Start of DATA

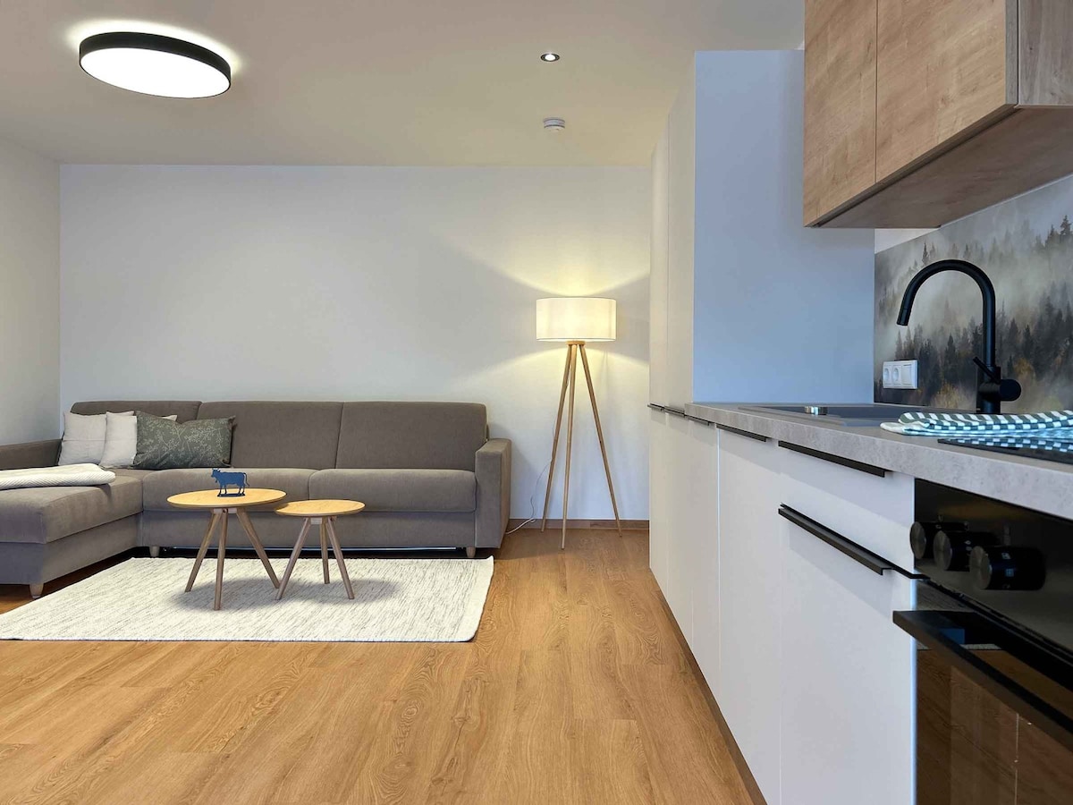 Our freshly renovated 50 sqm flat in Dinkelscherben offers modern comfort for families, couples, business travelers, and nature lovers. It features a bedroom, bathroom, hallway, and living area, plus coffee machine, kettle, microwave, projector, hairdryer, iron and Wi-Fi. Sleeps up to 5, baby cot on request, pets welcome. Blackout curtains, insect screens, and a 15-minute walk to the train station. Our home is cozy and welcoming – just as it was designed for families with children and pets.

End of DATA
Start of DATA

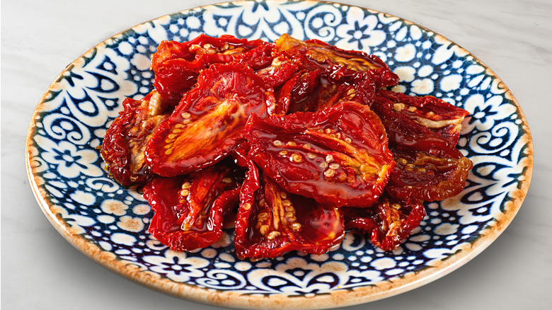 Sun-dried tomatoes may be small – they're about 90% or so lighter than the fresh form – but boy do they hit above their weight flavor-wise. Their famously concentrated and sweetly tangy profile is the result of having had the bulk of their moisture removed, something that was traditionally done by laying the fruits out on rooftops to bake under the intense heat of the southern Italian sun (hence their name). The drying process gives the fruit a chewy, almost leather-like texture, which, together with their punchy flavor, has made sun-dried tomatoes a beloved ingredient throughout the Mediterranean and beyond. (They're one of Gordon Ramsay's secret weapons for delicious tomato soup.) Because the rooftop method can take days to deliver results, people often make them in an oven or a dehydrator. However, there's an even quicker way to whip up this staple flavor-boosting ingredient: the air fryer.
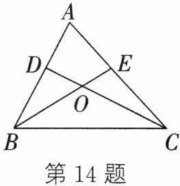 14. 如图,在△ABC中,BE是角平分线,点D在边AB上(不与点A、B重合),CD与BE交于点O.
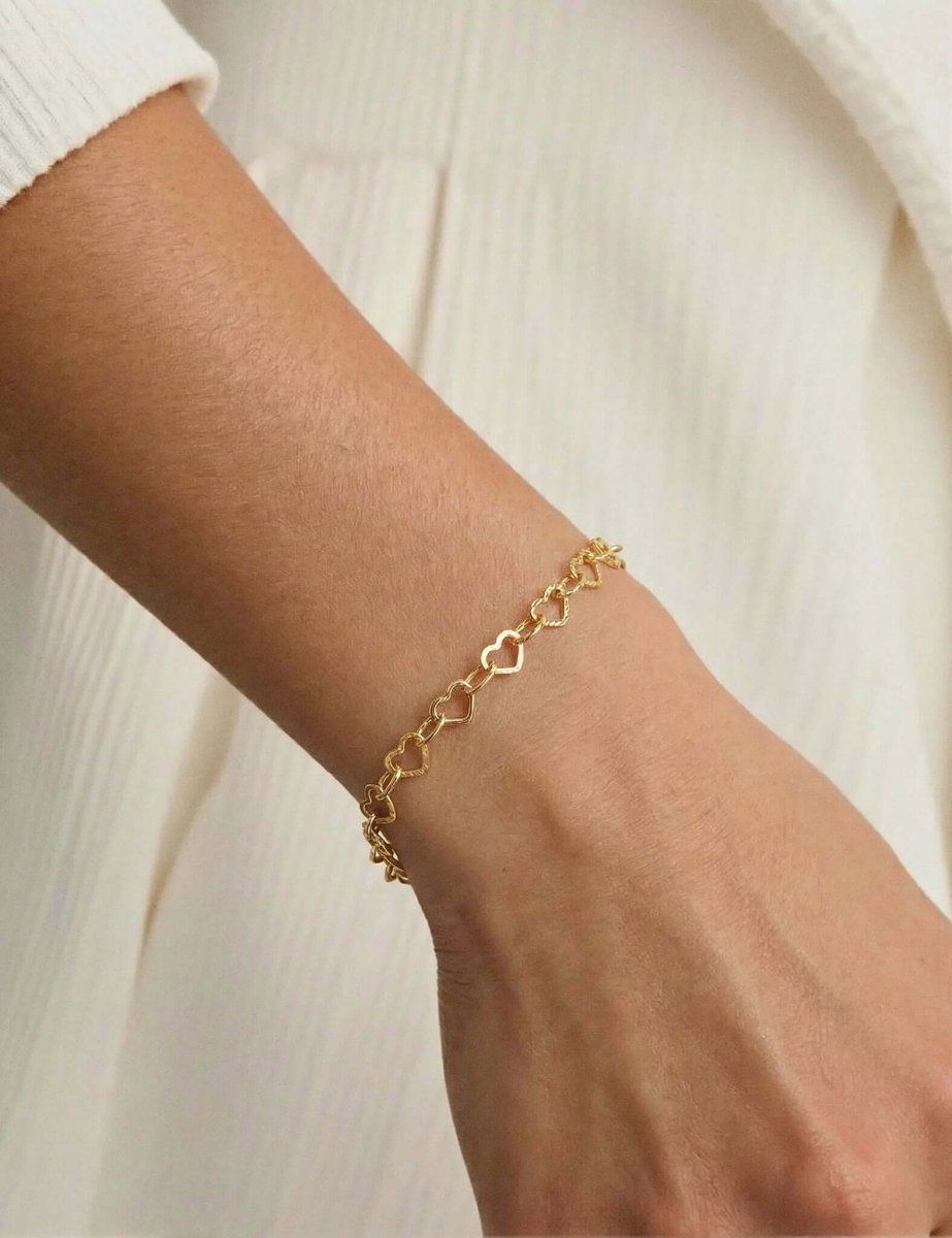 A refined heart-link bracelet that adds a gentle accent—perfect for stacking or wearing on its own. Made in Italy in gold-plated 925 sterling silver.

End of DATA

WHAT TO PRODUCE:
Reproduce word for word, with pictures dropped, only the part of the material above that opens with the line containing "14. 如图,在△ABC中,BE是角平分" and closes with the line containing "A refined heart-link".

OUTPUT FOR THIS TASK:
 14. 如图,在△ABC中,BE是角平分线,点D在边AB上(不与点A、B重合),CD与BE交于点O.
 A refined heart-link bracelet that adds a gentle accent—perfect for stacking or wearing on its own. Made in Italy in gold-plated 925 sterling silver.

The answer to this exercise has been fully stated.